When you update Apple applications or macOS updates, the installer will verify and reset the permissions of any item if necessary.
No third-party application, regardless of bad behavior, can change permissions unless you disable SIP.
What about the user and home folders?
System Integrity Protection does not protect items in the / Library folder, applications in / Applications and everything in your Startup folder. The ~ / Library folder is especially important, as it consists of central system preference files, third-party application preferences, keychain data and more.
If the permissions were changed to any of these files or folders, you can expect a lot of strange problems on your Mac. Problems that may arise due to incorrect permissions include:
- Changes you make in Finder, System Preferences or the Dock are not saved.
- Windows that opened the last time you closed session or if you closed an application, open again after starting that session.
- You are asked for an administrator password while moving certain items in the Startup folder.
- You repeatedly receive a message that says "macOS needs to repair your library to run applications."
- When you save a file, you will receive a message that a file is locked or does not have the necessary permissions. This happens a lot with Microsoft Office documents.
- Default or third-party applications may crash at startup. Some applications may not even be updated.
- Firefox or Chrome do not load your preferences and it reads: «Your profile cannot be loaded».
- The photos and videos you import in Photos do not appear in the application. Or you receive a message to select a default photo library every time you open the app.
MacOS permissions: reset permissions for startup folder
From the Finder sidebar, right-click on your Startup folder and select "Get information." Now, click on the “Share and permissions” drop-down triangle and with it you will see your permissions.
Now, click on the Lock button at the bottom of the window and enter your administrator password. Then, select the action menu button and choose "Apply to attachments."
Click OK to confirm the action. The updated permissions will be propagated through your home folder.
Next, open the Terminal application and type the following:
diskutil resetUserPermissions / `id -u`
This option resets the user's permission on the root volume (/) to the current user ID. If all goes well, restart your Mac.
But if you get error 69841, follow these steps:
In macOS High Sierra or earlier:
Open the Terminal application and enter the following:
chflags -R nouchg ~
Then, enter this command one more time:
diskutil resetUserPermissions / `id -u`
Now, restart your computer again.
In macOS Mojave and later
The steps for Mojave and the latest versions are the same as the previous ones, but you must add the Terminal to Full Disk Access before continuing. To do this, go to System Preferences, now to Security and privacy. And then, click on the Privacy tab. Click on the Lock icon and enter your administrator password to make the changes.
Next, select the Total Disk Access tab. Then, click on the "More" button and add the Terminal application.
After doing this, continue typing the Terminal commands mentioned above for High Sierra and earlier.
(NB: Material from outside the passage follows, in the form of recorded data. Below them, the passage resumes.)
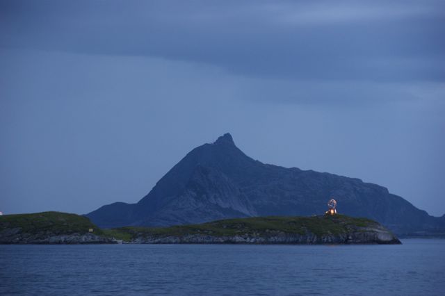 Polarsirkeløya med monumentet belyst, Hestmannen i bakgrunnen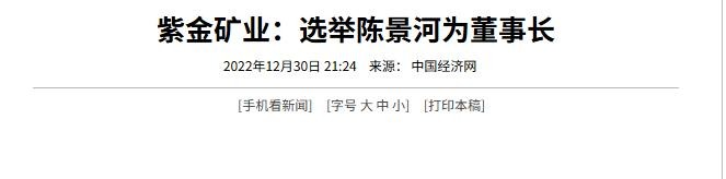 《紫金矿业:选举陈景河为董事长》中国经济网
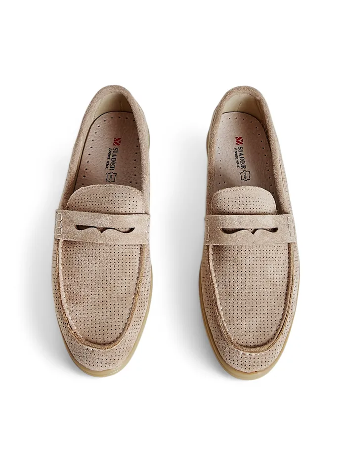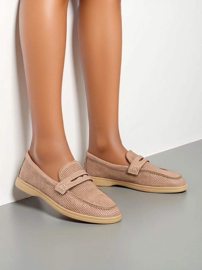 - Perforirani ženski mokasini z ravnim podplatom. Model je izdelan iz ekološke semiš usnje z podlogo iz naravne usnje. Idealen dodatek k vsakodnevnim oblačilom!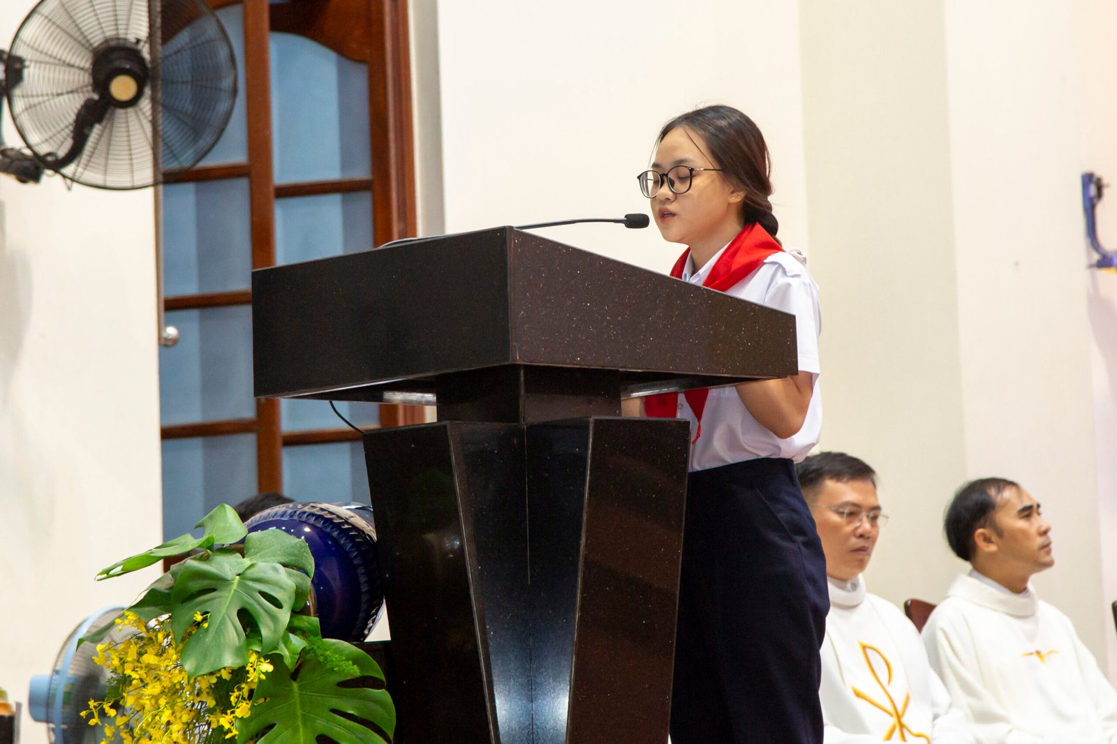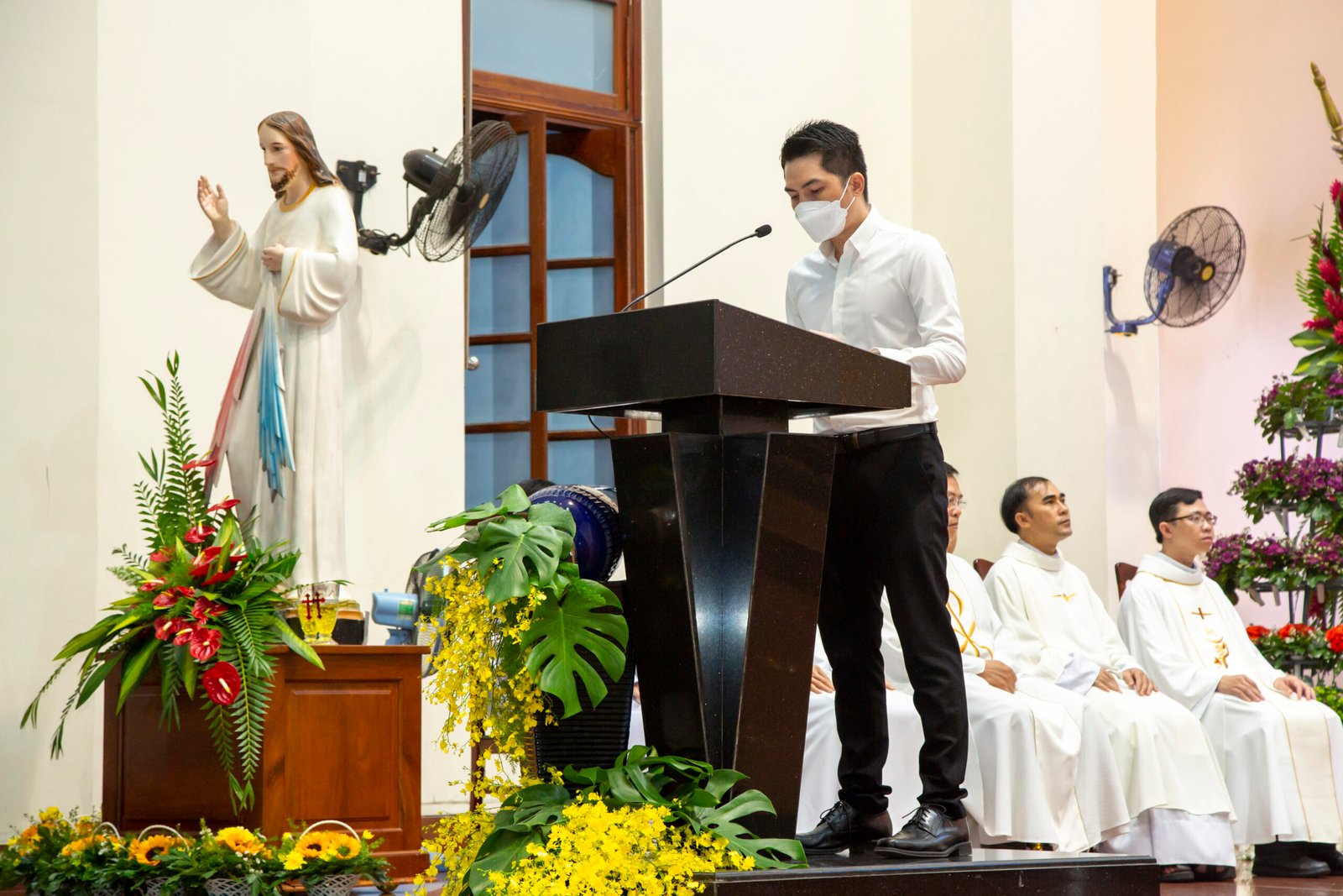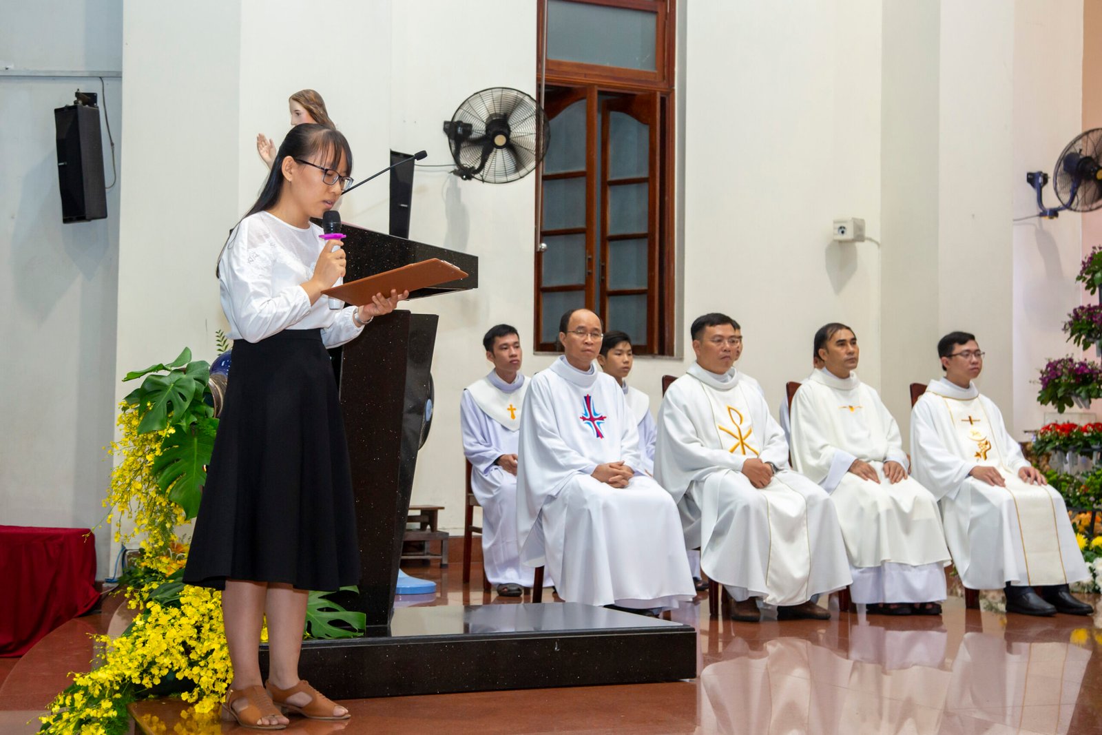 Thánh lễ tiếp tục với Lời nguyện tín hữu và hoàn tất với lời nguyện hiệp Lễ. Bạn Anna Lê Nguyễn Quỳnh Như – cựu học viên, đã đại diện cho tất cả các GLV cơ sở để gửi đến quý cha, quý sơ và quý giảng viên lời tri ân về những công lao vất vả của các ngài trong suốt 10 năm qua để góp phần dựng xây Cơ sở. Cha chủ tế đã có đôi lời đáp từ, trong đó, ngài không quên nhấn mạnh một ý chính mà tất cả các GLV rất tâm đắc: “Các con đừng chỉ làm Giáo lý viên mà hãy là Giáo lý viên, hãy để Giáo lý viên là căn tính của mình chứ không phải chỉ là công việc.”
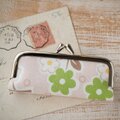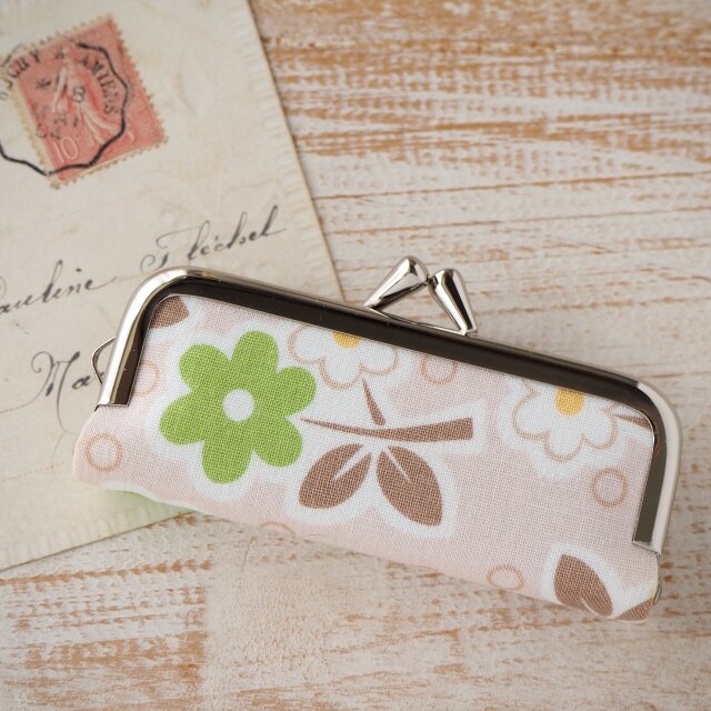 ■ がま口印鑑ケース / ベージュにグリーンの花 ■ hanko case (bgrf)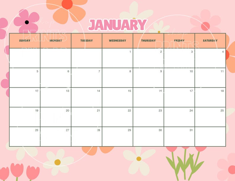 2025 Monthly Calendar Digital Download Floral Girly Pink Calendar
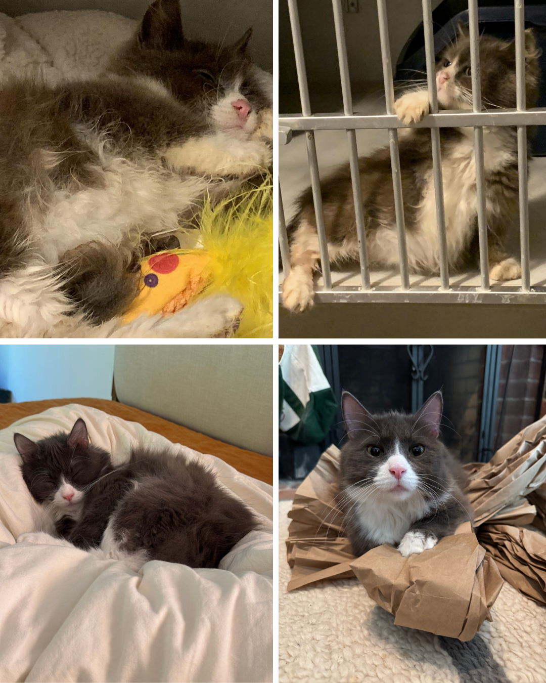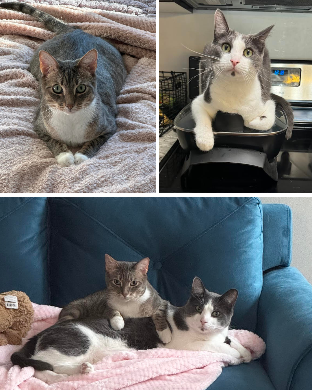 “I adopted my bonded pair, Tin Man and Scarecrow, about a year and a half ago. They just turned 2 and bring so much joy every day. When they’re not hiding my shoes or exploring cabinets, they love bird watching and snuggles. Watching them grow from shy kittens into loving, playful companions has been amazing—they even greet me at the door when I come home from work. They make every day brighter!”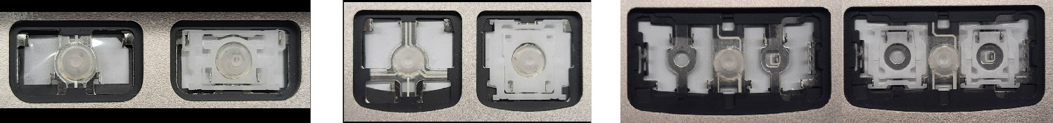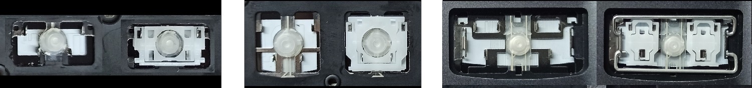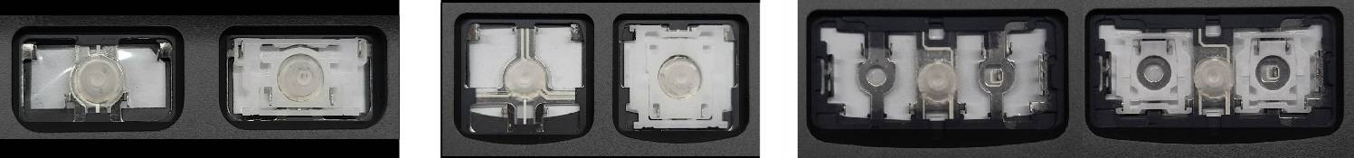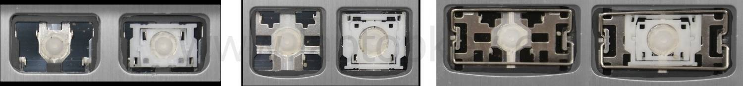 - Bei den meisten Tastaturen, die von außen identisch aussehen, wurden unterschiedliche Arten von Scharnieren unter den Tasten verwendet.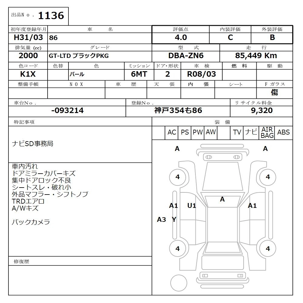 TOYOTA 86 2019 г., лот № 1136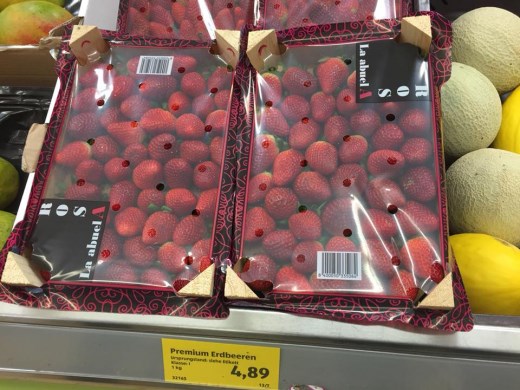 Снимки, които се въртят в онлайн пространството показват огромната разлика в цената на ягодите в България и Германия.

Understand Mac user accounts
When the option to repair disk permissions disappeared from the Disk Utility application, it did not affect much because it was never an important troubleshooting step.
But seeing the type of problems you may encounter due to incorrect permissions, it is clear that resetting the permissions for your home folder is the last resort when these inconveniences arise.
It is also surprising to see that Apple no longer includes this option. But remember, you should only apply these steps when necessary. Understanding permissions is a complex issue.
Now, if you understand how macOS user accounts work, it will be much simpler.